Upon a retrial of the case, on the theory so announced by this court, a recovery was had and judgment entered against the appellant and in favor of appellee for $9,000, from which this appeal is prosecuted.

Since this last trial and judgment, and while the cause has been pending in this court, the Supreme Court has decided the case of Kotz v. Illinois Central Railroad Company, 188 Ill. 578. That was a case where the Illinois Central Railroad Company acquired its right of way through an eighty-acre tract of land, by purchase and deed, and located its tracks thereon at or about the surface of the ground, from the then owner of the entire tract. The conveyance recited that the right of way was granted for the purposes of constructing, maintaining and operating thereon a single or double track railroad, with all the necessary appurtenances, and for all uses and purposes connected with the construction, repair, maintenance and complete operation of said railroad.”

*129Several years afterward, Kotz acquired title to a lot in the same tract, adjoining the right of way so acquired by the Illinois Central Company, and subsequently brought suit to recover damages alleged to have been sustained by him by the elevation, some twelve to fourteen feet, of the road-bed and tracks of the railroad company, past Kotz’ lot.

One element of damage claimed by Kotz was that arising from more noise, dust, cinders, smoke, gases and other noxious substances being cast upon his lot from the operation of the railroad as elevated, than before, when operated at or near the surface; and it was held he could not recover; that the damage, if any, to Kotz, was damnum absque insoria.

That decision seems to us to be conclusive of this case.

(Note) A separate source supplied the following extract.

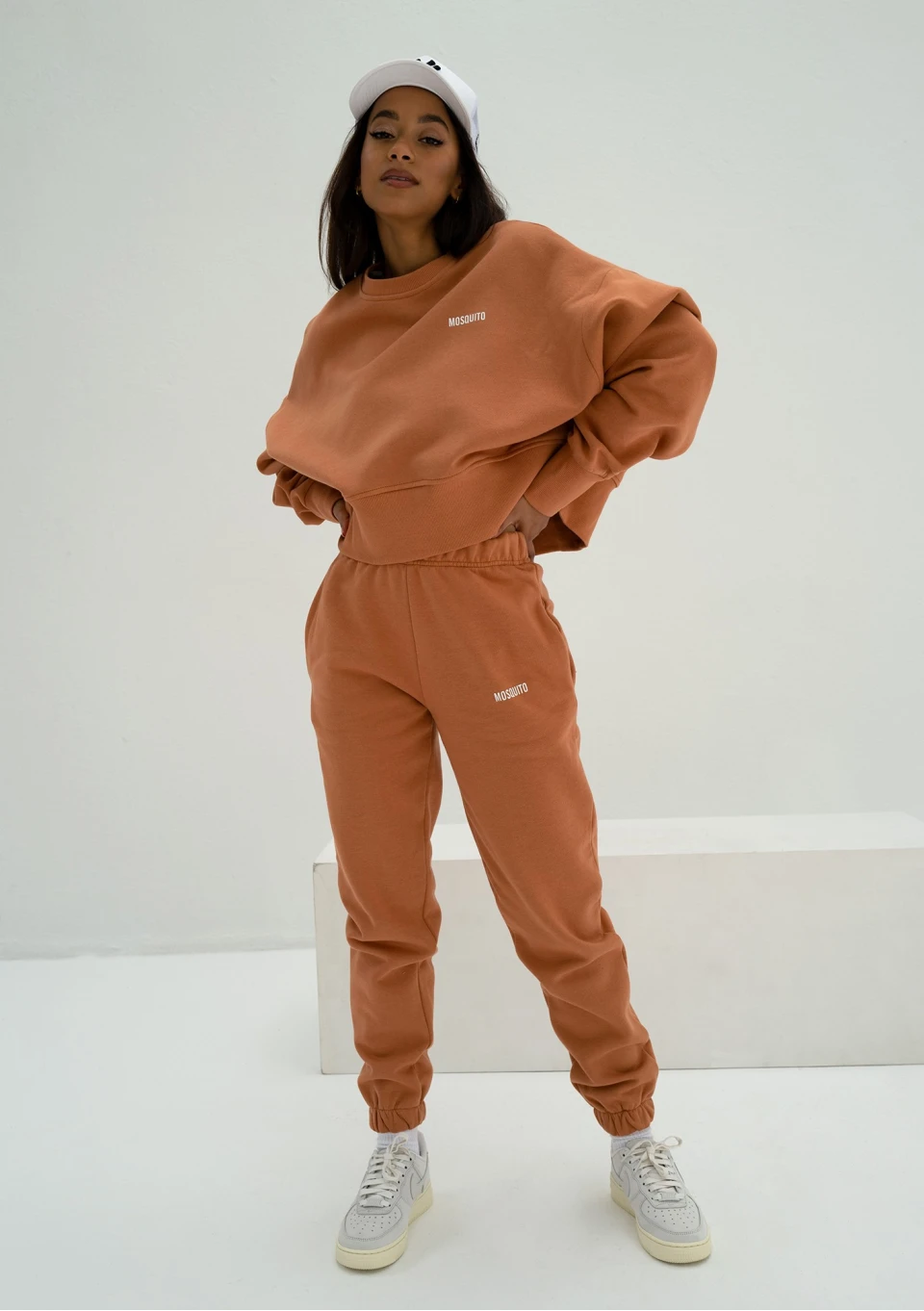 Spodnie dresowe damskie w dyniowym odcieniu Dusty Orange wykonaliśmy z dzianiny z przyjemnym meszkiem po wewnętrznej stronie i wykończeniem zapewniającym dodatkową miękkość. Ten wyjątkowy kolor będzie świetnie prezentował się w zestawie. Stwórz stylowy dres damski dodając do zakupu bluzę Shore lub model z kapturem Pure.

Counsel attempt to distinguish it from the present case, principally upon the ground that there the right of way was acquired by deed containing the clause quoted, supra, while here the right of way was acquired “ by condemnation proceedings only, in which damages were assessed upon the basis of a road passing the premises of appellee at the natural surface of the ground.”

We are unable to appreciate the distinction. In both cases the right of way was acquired for the purposes of constructing, maintaining and operating a railroad, and, as said by Mr. Justice Hand in the Kotz case, the right of appellee in such respect “ was not exhausted as soon as a surface road was built thereon, but is a continuing right which will enable appellee to change its plan of construction and operation to meet the demands upon it of a growing business and the changes wrought by the development of society.”

Having reached this conclusion, it is entirely unnecessary to consider the other questions that have been argued.

The judgment of the Circuit Court is reversed, without remanding the cause.